Canadian teachers in the making

Back (L-R): Richard Richter, Hollie Jacobs, Justin Eaves, Front (L-R): Bart Medon and Meaghan Greer

Seeing a kangaroo is high on the list of priorities for nine Canadian university students who arrived in Hervey Bay recently to study at USQ Fraser Coast.

Along with another 80 students, the group is enrolled in the USQ Graduate Diploma in Learning and Teaching.

The students started the program with a week-long residential school at the USQ Fraser Coast during the first week of the school holidays.

The program enables participants who already have a university degree to become teachers.

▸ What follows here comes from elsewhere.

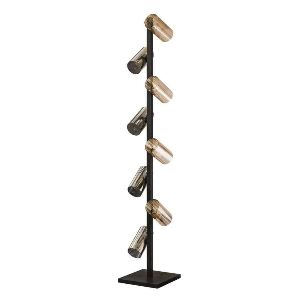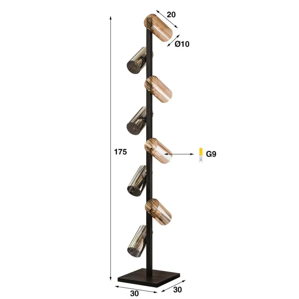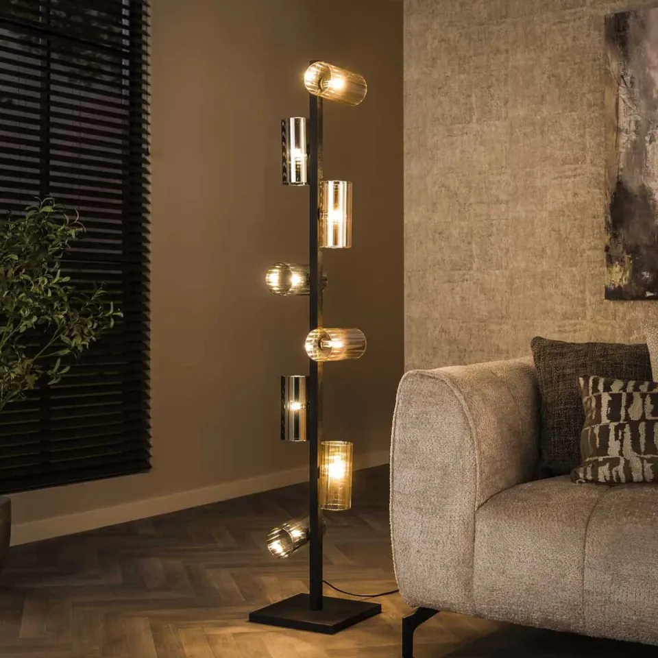 Deze prachtige vloerlamp Vinny is uitgevoerd met 8 glazen kapjes. De kapjes zijn afgewerkt in amberkleurig en chrome kleurig glas. De kapjes kunnen naar eigen inzicht gedraaid worden. De metalen delen van de lamp zijn afgewerkt in een artic black finish. Deze lamp heeft ook nog 2 bijpassende hanglampen.

Co-ordinator of the program and USQ Fraser Coast education lecturer Trevor Black said the graduate diploma had been developed in response to the continuing demand for graduates from other disciplines to become professional educators.

The Canadians said they would receive certification to teach back home in Ontario. The first group of Canadian students to do the graduate diploma at USQ Fraser Coast have just completed their year here and are due to head back to Canada soon. 

Travelling to the far end of the earth hasn't been too much of a culture shock for the new arrivals from Canada.

They said the Fraser Coast and the university campus were not very different from Canada and the university they had attended in Ontario.

Bart Medon, 24, said it was a bit difficult getting used to travelling on the left-hand side of the road though.

Fellow Canadian Meaghan Greer, 23, said she though the classes here were more relaxed.

The group has heard that kangaroos feed in Hervey Bay's Polson Cemetery on dusk so hope to make a trip to Point Vernon to see them.

Meanwhile, fellow student Richard Richter, of Maryborough, is doing the graduate diploma after a taste of teaching in Japan recently.

Richard, who is a former USQ staff member, said he enjoyed tutoring and wanted to make teaching a career.

So after a stint teaching English in Japan, Richard enrolled in the program at USQ.